── DATA PROVIDED ──

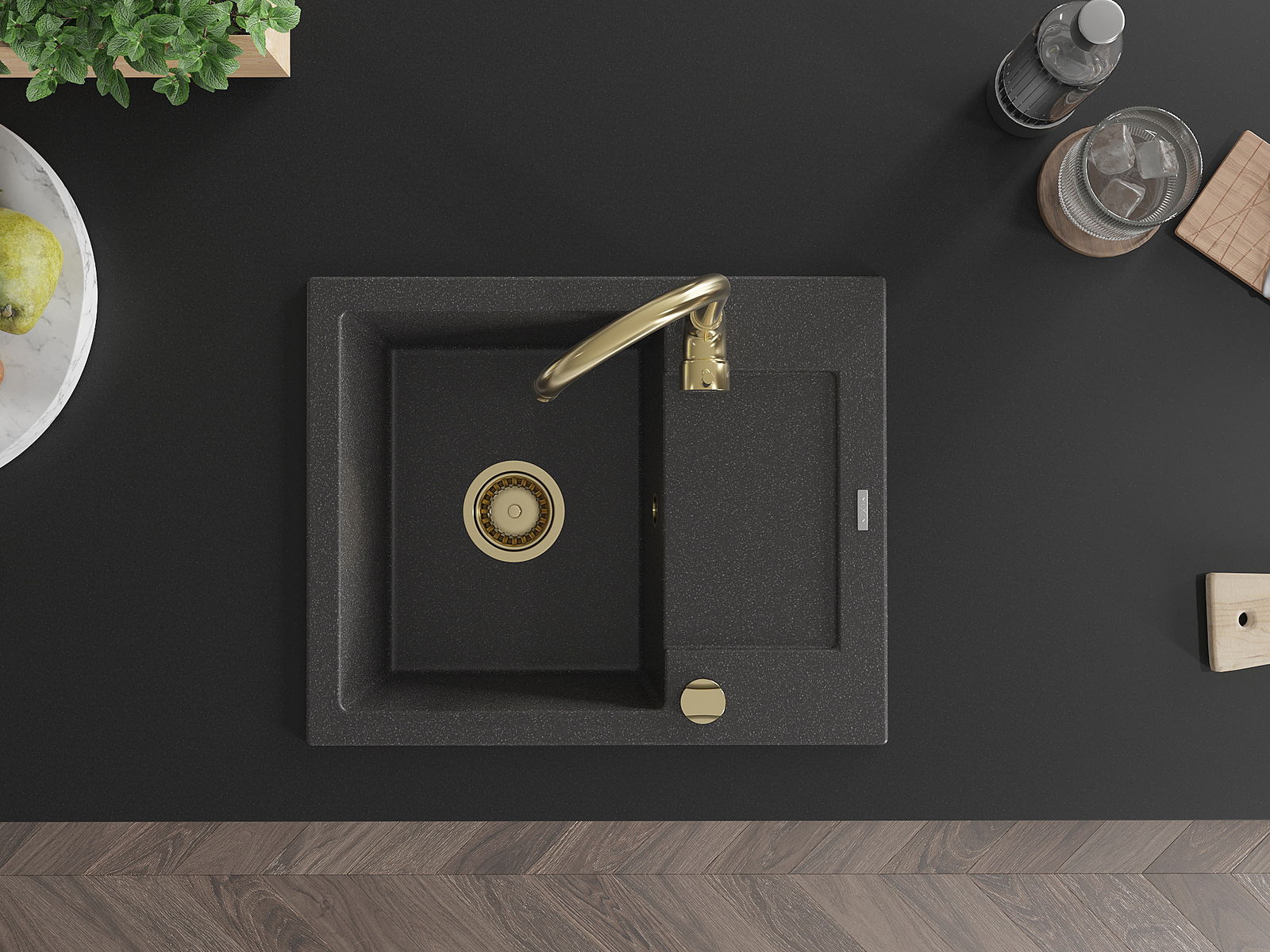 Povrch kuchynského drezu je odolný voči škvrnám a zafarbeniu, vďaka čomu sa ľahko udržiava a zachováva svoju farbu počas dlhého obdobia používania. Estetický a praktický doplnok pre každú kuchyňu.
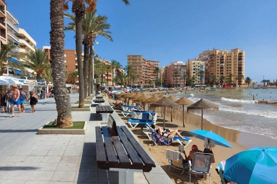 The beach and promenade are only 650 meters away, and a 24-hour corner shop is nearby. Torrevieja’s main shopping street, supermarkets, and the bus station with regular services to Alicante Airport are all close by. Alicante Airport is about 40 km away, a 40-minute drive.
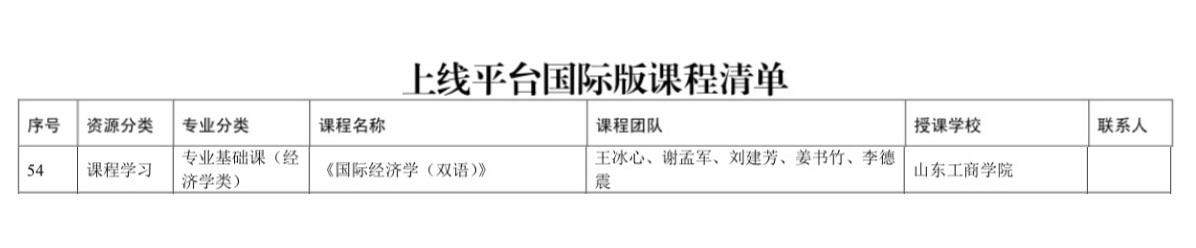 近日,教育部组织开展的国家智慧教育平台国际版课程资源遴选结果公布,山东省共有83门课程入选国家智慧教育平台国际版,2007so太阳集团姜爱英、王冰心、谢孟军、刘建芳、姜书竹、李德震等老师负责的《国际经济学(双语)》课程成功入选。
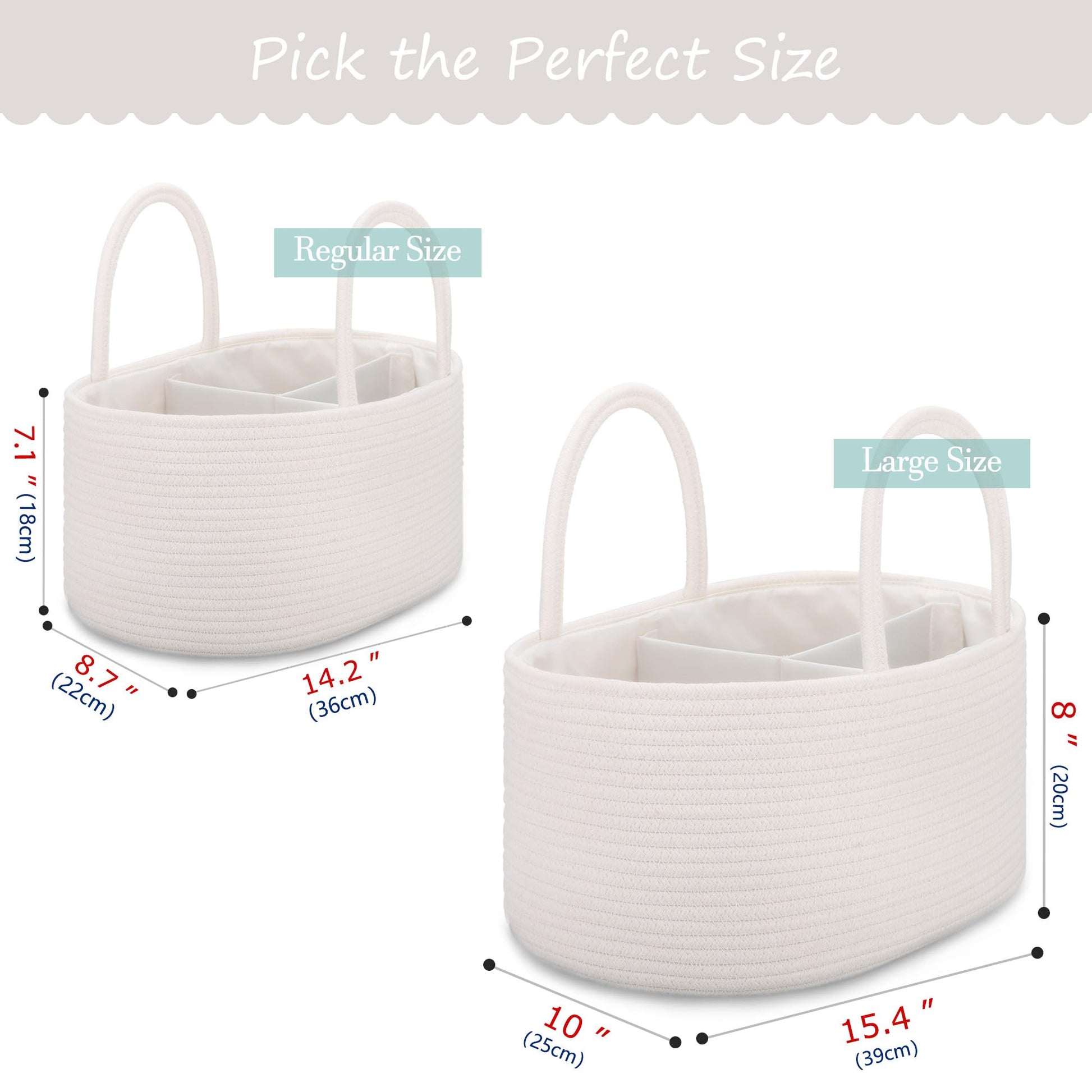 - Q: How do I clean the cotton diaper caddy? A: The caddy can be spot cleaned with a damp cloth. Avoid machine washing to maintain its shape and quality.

───

* _WHAT NEEDS TO BE DONE_: No pictures belong in the copy. Return exactly the lines from the line containing "The beach and" through the last line of the listing.

* _SOLUTION TO THE EXERCISE_:
 The beach and promenade are only 650 meters away, and a 24-hour corner shop is nearby. Torrevieja’s main shopping street, supermarkets, and the bus station with regular services to Alicante Airport are all close by. Alicante Airport is about 40 km away, a 40-minute drive.
 近日,教育部组织开展的国家智慧教育平台国际版课程资源遴选结果公布,山东省共有83门课程入选国家智慧教育平台国际版,2007so太阳集团姜爱英、王冰心、谢孟军、刘建芳、姜书竹、李德震等老师负责的《国际经济学(双语)》课程成功入选。
 - Q: How do I clean the cotton diaper caddy? A: The caddy can be spot cleaned with a damp cloth. Avoid machine washing to maintain its shape and quality.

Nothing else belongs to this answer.